BUG: sleeping function called from invalid context
at /root/src/linux-3.12.6/kernel/mutex.c:616 in_atomic(): 1,
irqs_disabled(): 1, pid: 0, name: swapper/0 INFO: lockdep is turned off.
irq event stamp: 296476
hardirqs last enabled at (296475): [<c10b4ff1>]
tick_nohz_idle_exit+0x151/0x1b0 hardirqs last disabled at (296476):
[<c1588f45>] _raw_spin_lock_irq+0x15/0x80 softirqs last enabled at
(296458): [<c1049c9d>] __do_softirq+0x2ad/0x3b0 softirqs last disabled
at (296421): [<c1004637>] do_softirq+0x97/0xf0 CPU: 0 PID: 0 Comm:
swapper/0 Not tainted 3.12.6 #3 Hardware name: RadiSys SandyBridge
Platform/S-CEQM67-i5-2515EE , BIOS 20.02.01 08/29/2012 00000000
00000000 f480de5c c1580991 c17d7a00 f480de84 c1076726 c1710154 00000001
00000001 00000000 c17d7cfc f495b000 f3df097c 00000000 f480decc c1584223
f495b058 00000001 f495b018 f480deb8 c134cf7c 00000001 00000002 Call
Trace: [<c1580991>] dump_stack+0x4b/0x66
[<c1076726>] __might_sleep+0x166/0x210
[<c1584223>] mutex_lock_nested+0x23/0x380
[<c134cf7c>] ? ldsem_down_read_trylock+0x7c/0xa0
[<c134acf2>] ? tty_ldisc_ref+0x22/0x50
[<c134acf2>] ? tty_ldisc_ref+0x22/0x50
[<c134bc5e>] flush_to_ldisc+0x3e/0x100
[<c134bd60>] tty_flip_buffer_push+0x40/0x50
[<c1361a15>] serial8250_rx_chars+0xc5/0x200
[<c158902b>] ? _raw_spin_lock_irqsave+0x7b/0x90
[<c1362e67>] ? serial8250_handle_irq+0x37/0xa0
[<c1362eb1>] serial8250_handle_irq+0x81/0xa0
[<c1362eec>] serial8250_default_handle_irq+0x1c/0x20
[<c1360d0c>] serial8250_interrupt+0x5c/0xd0
[<c10a3744>] handle_irq_event_percpu+0x54/0x390
[<c10a67e6>] ? handle_fasteoi_irq+0x16/0xe0
[<c10a3ab1>] ? handle_irq_event+0x31/0x60
[<c10a3aba>] handle_irq_event+0x3a/0x60
[<c10a67d0>] ? unmask_irq+0x30/0x30
[<c10a681e>] handle_fasteoi_irq+0x4e/0xe0
<IRQ> [<c15922d2>] ? do_IRQ+0x42/0xc0

That's a backtrace for Linux 3.12.6, but 3.13-rc8 does the same thing.

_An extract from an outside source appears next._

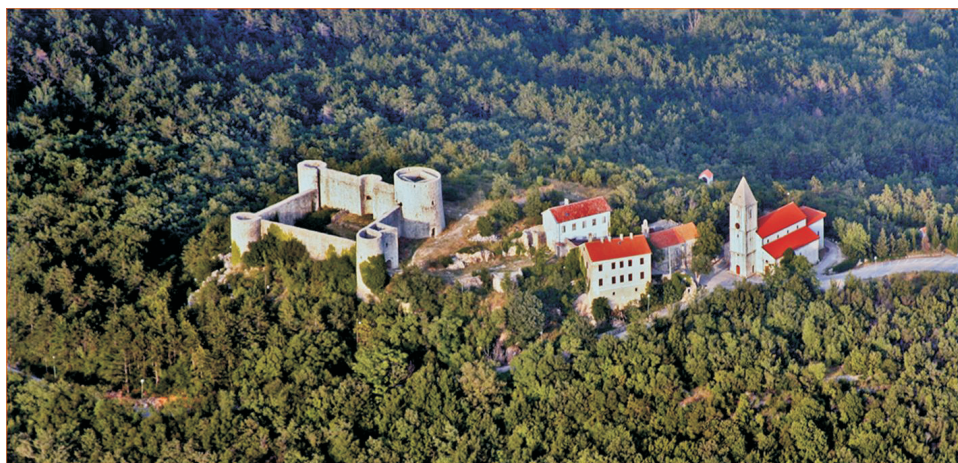
10. Drivenik, kaštel Bernardina Frakopana i župna crkva

uhvatiti njegove poslanike koji su trebali na Cetin doći do 21. prosinca i tu još prije Božića izabrati Ferdinanda za hrvatskoga kralja. Zbog teških zimskih puteva i straža koja je na tim putevima postavio Bernardin, njegovi su poslanici stigli na Cetin nekim drugim putevima tek poslije Božića pa je Cetinski sabor zakasnio, a zato su se izbor i proglašenje Ferdinanda hrvatskim kraljem dogodili baš na sam prvi dan 1527. godine. Ferdinandovi poslanici javljaju se na povratku pismom iz Metlike i opisuju da su jedva izbjegli zasjede koje su im na putevima preko svojih posjeda od Modruša do Ozlja postavili Bernardin i Krsto. 50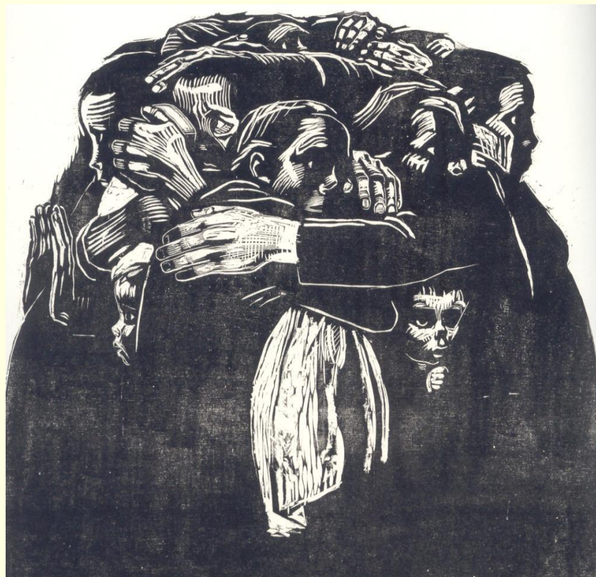
Матери, гравюра из цикла «Война», 1922-1923 гг.

Снова и снова в графике и скульптурах Кете Кольвиц поражают не только необычное выражение лиц и позы персонажей, но, прежде всего, руки. То поддерживающие, то защищающие, иногда сжатые в кулак, и при этом просящие; то сплетённые в жесте солидарности или братском объятии, они почти всегда несколько непропорционально велики и всё увереннее заполняют пространство картин.

serial8250_handle_irq() tries to use the DMA and fails, so it calls
serial8250_rx_chars(). That function calls tty_flip_buffer_push().
The comment above tty_flip_buffer_push() says:

"This function must not be called from IRQ context if port->low_latency
is set"

And that's precisely what we are doing.

Sure, root can damage the system by using incorrect configuration
files. However, I think we need some sanity checking. After all, the
device may degrade and stop working as a low-latency port, and we don't
want the whole system to hang because of that.

Maybe we should unset the low_latency flag as soon as DMA fails? There
are two flags, one is state->uart_port->flags and the other is
port->low_latency. I guess we need to unset both.

--
Regards,
Pavel Roskin


2014-01-14 12:08:35

by Alan Cox

[permalink] [raw]
Subject: Re: serial8250: bogus low_latency destabilizes kernel, need sanity check

> Maybe we should unset the low_latency flag as soon as DMA fails? There
> are two flags, one is state->uart_port->flags and the other is
> port->low_latency. I guess we need to unset both.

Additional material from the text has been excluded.